## Extracted data
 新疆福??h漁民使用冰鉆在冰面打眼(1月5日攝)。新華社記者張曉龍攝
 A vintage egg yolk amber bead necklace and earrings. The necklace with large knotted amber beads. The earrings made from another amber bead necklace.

* * *

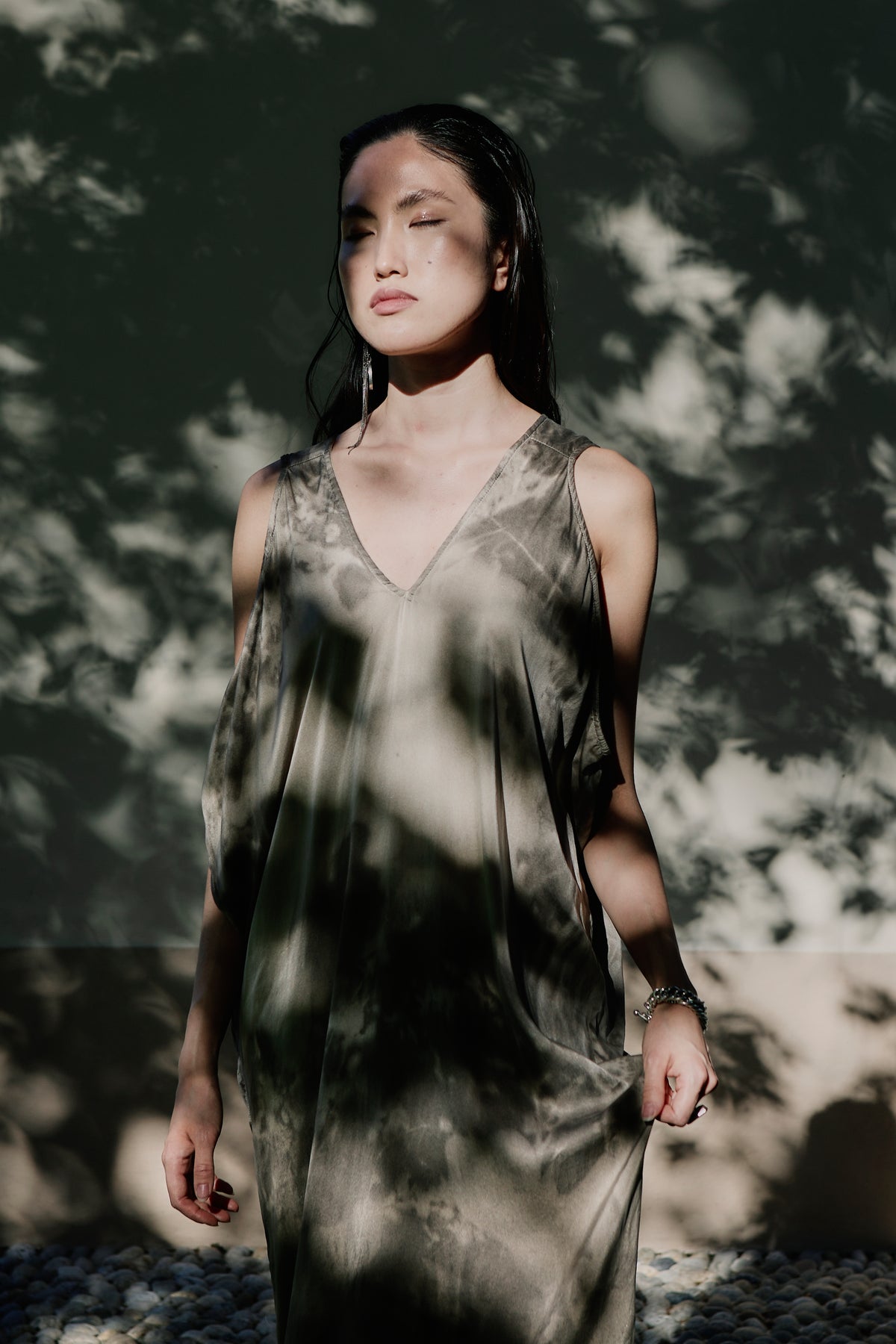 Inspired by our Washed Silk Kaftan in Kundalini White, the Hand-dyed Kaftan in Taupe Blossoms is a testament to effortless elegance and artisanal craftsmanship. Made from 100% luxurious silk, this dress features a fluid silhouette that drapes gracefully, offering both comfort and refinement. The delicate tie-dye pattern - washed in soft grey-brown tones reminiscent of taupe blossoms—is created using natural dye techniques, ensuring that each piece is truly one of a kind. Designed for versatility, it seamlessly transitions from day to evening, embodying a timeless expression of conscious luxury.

* * *

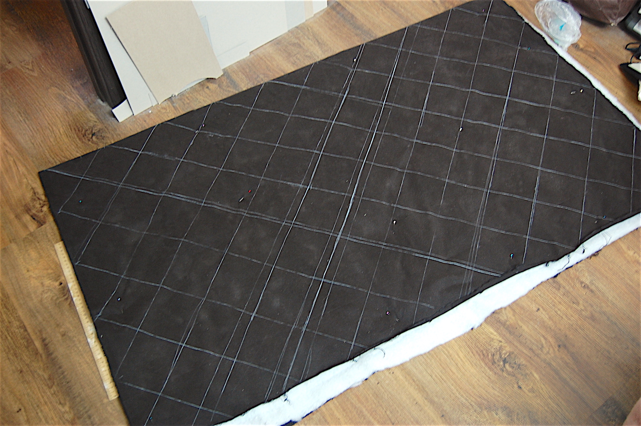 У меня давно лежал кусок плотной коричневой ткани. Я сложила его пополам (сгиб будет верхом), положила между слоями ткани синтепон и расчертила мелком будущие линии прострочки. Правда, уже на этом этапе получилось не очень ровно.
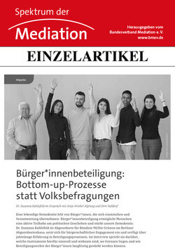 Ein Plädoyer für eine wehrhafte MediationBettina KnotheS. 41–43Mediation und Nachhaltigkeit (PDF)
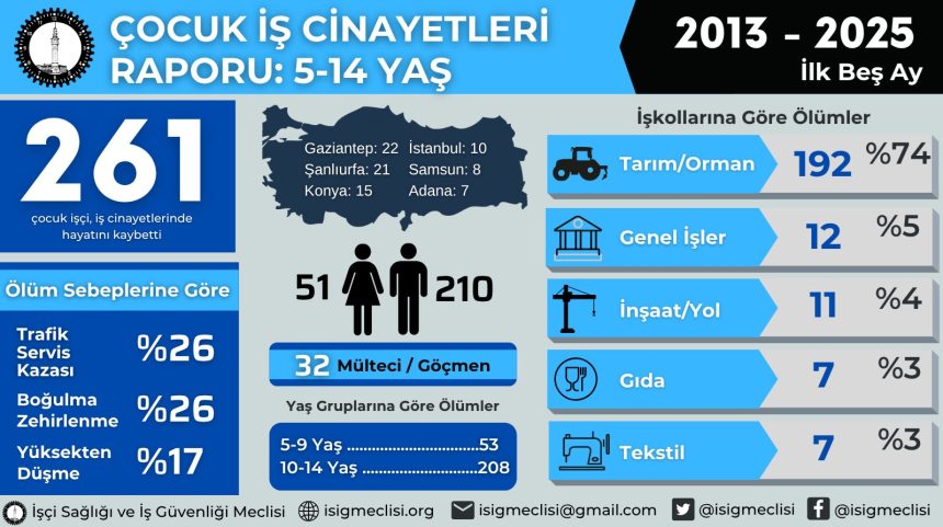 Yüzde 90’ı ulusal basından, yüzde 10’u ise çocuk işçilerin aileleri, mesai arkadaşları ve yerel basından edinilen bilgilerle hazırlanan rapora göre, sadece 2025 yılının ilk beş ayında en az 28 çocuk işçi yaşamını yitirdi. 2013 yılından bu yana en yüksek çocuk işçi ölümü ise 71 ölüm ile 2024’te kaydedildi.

## Your assignment
Could you restate word for word the lines above, from the one that contains "新疆福??h漁民使用冰鉆在冰面打眼(1月5日攝)。新華社記者張曉龍攝" through the one that contains "A vintage egg", and no others?

## Task output
 新疆福??h漁民使用冰鉆在冰面打眼(1月5日攝)。新華社記者張曉龍攝
 A vintage egg yolk amber bead necklace and earrings. The necklace with large knotted amber beads. The earrings made from another amber bead necklace.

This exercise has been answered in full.